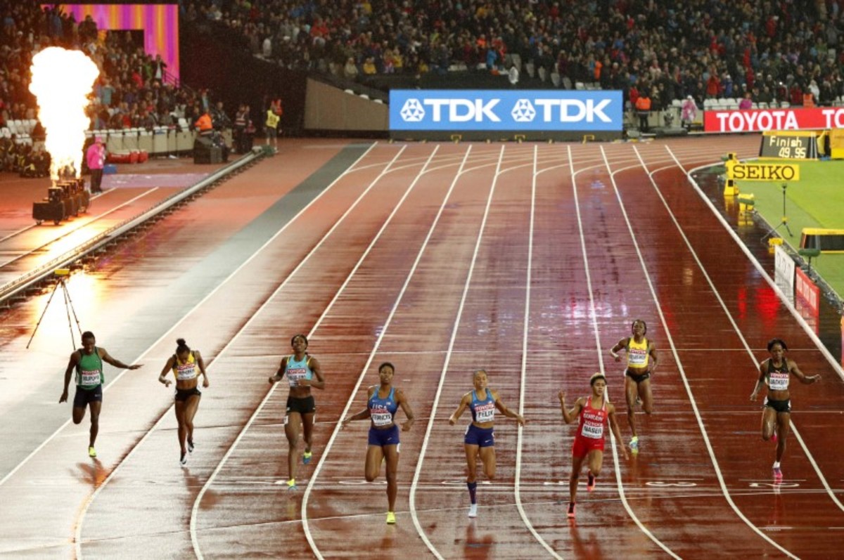 It was incredible finish to a race that had appeared to be going to form for the first 300 metres. Felix looked her usual smooth self despite the sodden track and had made up the stagger on Francis, a lane outside her, by the end of the first bend.
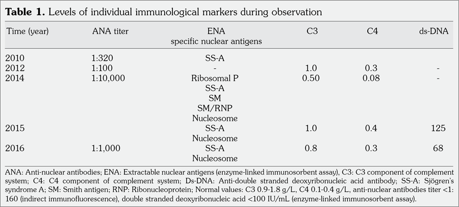 pain in peripheral joints. Physical examination of the motor system revealed tenderness and edema of small joints in both hands. Laboratory studies demonstrated mild leukopenia 3.7∞10(3)/uL (normal values 4-10∞10(3)/uL), reduced components of the complement system, and positive anti-nuclear antibody (Table 1). Systemic lupus erythematosus (SLE) was diagnosed based on the Systemic Lupus International Collaborating Clinics criteria.(3) Treatment with hydroxychloroquine (200 mg/day) was initiated with improvement. In 2016, the patient again experienced symptoms of fatigue; laboratory studies confirmed hypothyroidism and the presence of antithyroglobulin antibodies. Immunological studies showed increased anti- nuclear antibody titer (anti-Sjögren's syndrome A, anti-nucleosome) as well as slightly reduced levels of C3 component of the complement system. Clinical improvement was obtained after supplementation of thyroid hormones. As determined retrospectively, the patient was six weeks pregnant at the time, but miscarried in the first trimester.
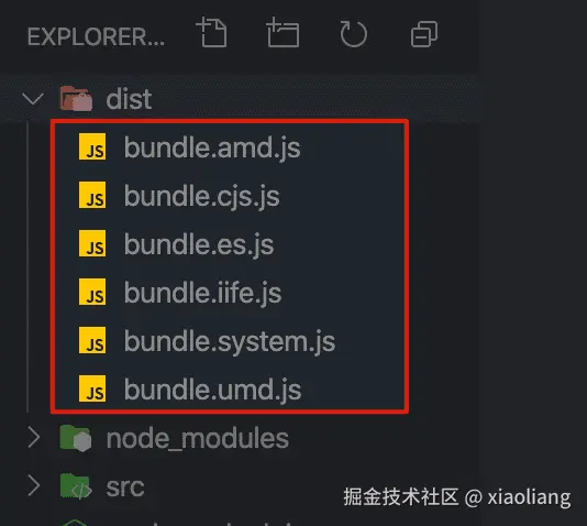 配置完成之后,我们回到命令行终端,再次运行 Rollup 打包。那这次打包过后,dist 目录下就会生成不同格式的输出结果,如下图所示:
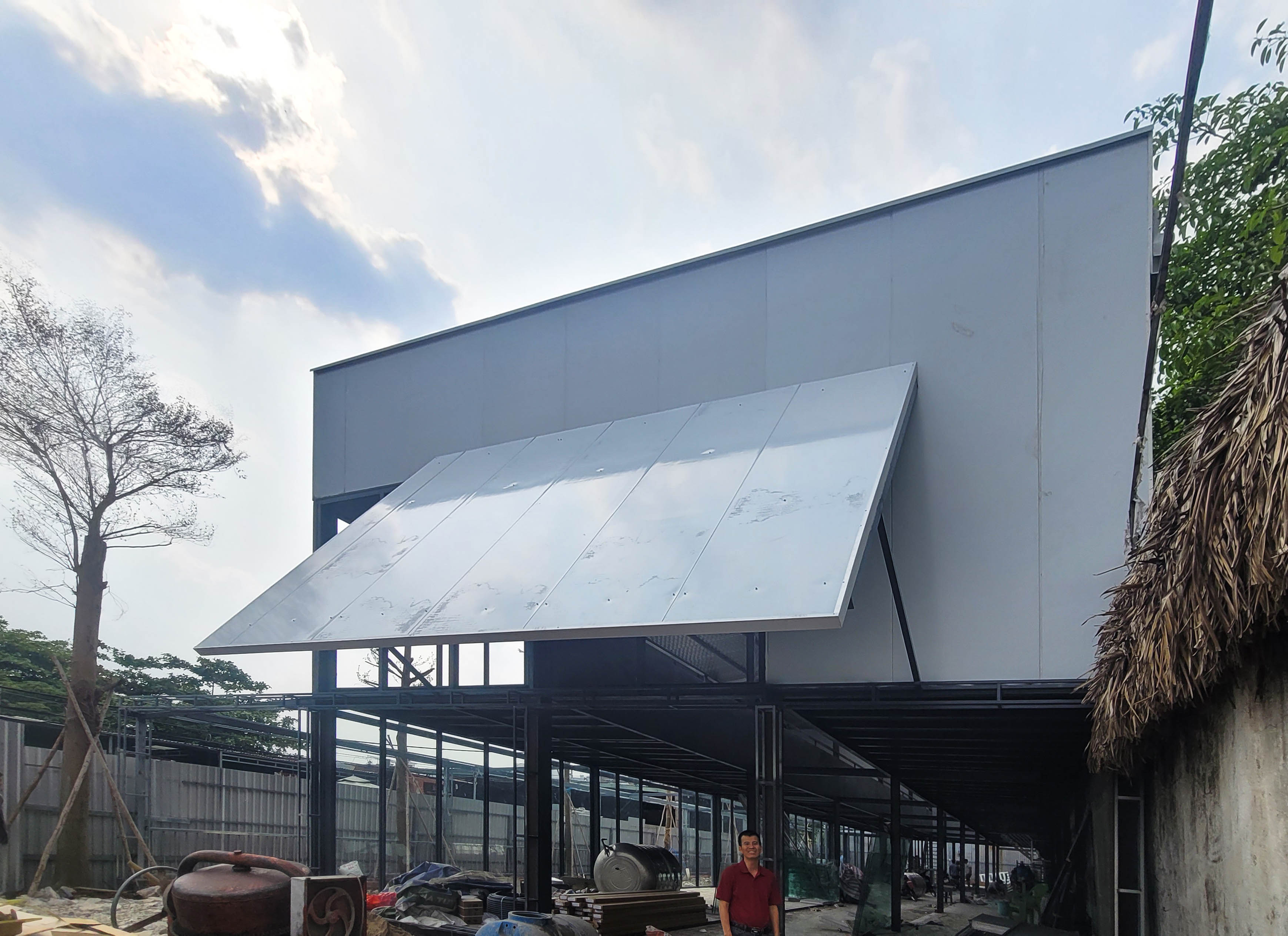 Điểm nhấn kỹ thuật đáng chú ý nhất ở góc độ này chính là giải pháp "Roofscape" (cảnh quan mái). Khác với vẻ ngoài vuông vức của mặt tiền, phần mái chính của công trình trải dài theo phương dọc (linear layout) với dải lấy sáng (hoặc khe thoáng nhiệt) chạy suốt chiều dài đỉnh mái. Chi tiết này cho thấy kiến trúc sư đã tính toán kỹ lưỡng bài toán vi khí hậu: dải lấy sáng này vừa đóng vai trò như một "giếng trời" khổng lồ đưa ánh sáng tự nhiên vào sâu bên trong lõi công trình vào ban ngày, vừa biến toàn bộ tòa nhà thành một "hộp đèn" rực rỡ, nổi bật giữa nền tối của khu dân cư bao quanh vào ban đêm.
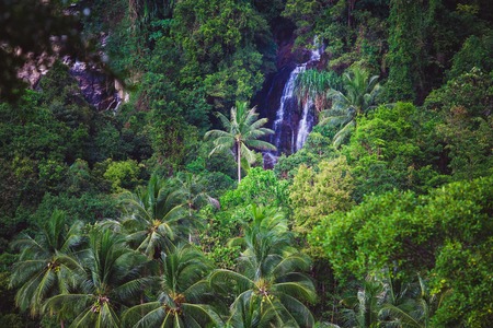 The forest waterfall in Thailand. green hills, palm groves
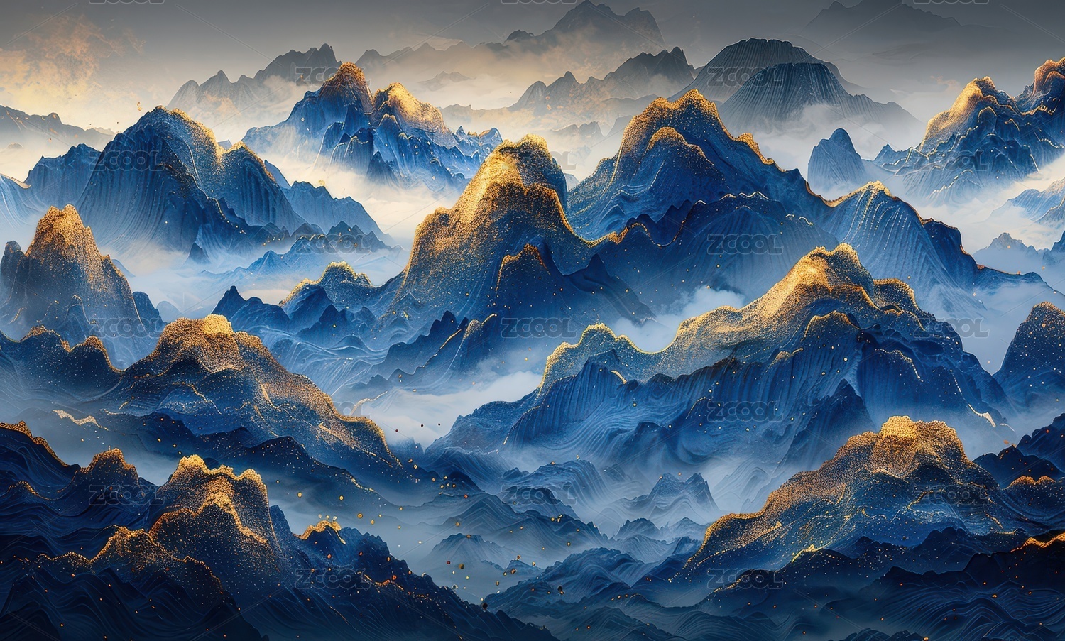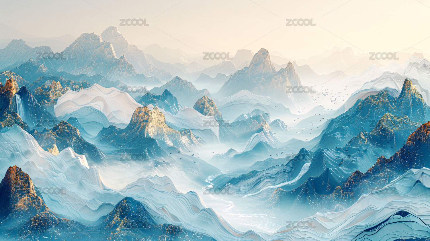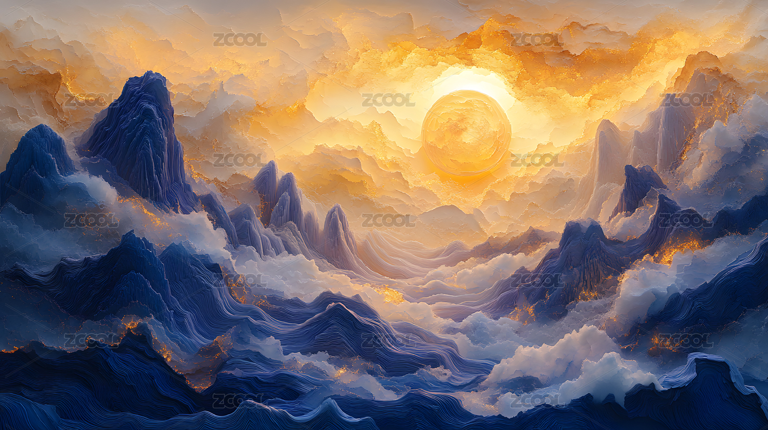 3D国风蓝色鎏金山脉中国山水风景插画

» EXERCISE BRIEF
An exact copy of the lines from the one with "配置完成之后,我们回到命令行终端,再次运行 Rollup 打包。那这次打包过后,dist" through the last line of the records, inclusive, is required, with all pictures left out.

» TASK RESPONSE
 配置完成之后,我们回到命令行终端,再次运行 Rollup 打包。那这次打包过后,dist 目录下就会生成不同格式的输出结果,如下图所示:
 Điểm nhấn kỹ thuật đáng chú ý nhất ở góc độ này chính là giải pháp "Roofscape" (cảnh quan mái). Khác với vẻ ngoài vuông vức của mặt tiền, phần mái chính của công trình trải dài theo phương dọc (linear layout) với dải lấy sáng (hoặc khe thoáng nhiệt) chạy suốt chiều dài đỉnh mái. Chi tiết này cho thấy kiến trúc sư đã tính toán kỹ lưỡng bài toán vi khí hậu: dải lấy sáng này vừa đóng vai trò như một "giếng trời" khổng lồ đưa ánh sáng tự nhiên vào sâu bên trong lõi công trình vào ban ngày, vừa biến toàn bộ tòa nhà thành một "hộp đèn" rực rỡ, nổi bật giữa nền tối của khu dân cư bao quanh vào ban đêm.
 The forest waterfall in Thailand. green hills, palm groves
 3D国风蓝色鎏金山脉中国山水风景插画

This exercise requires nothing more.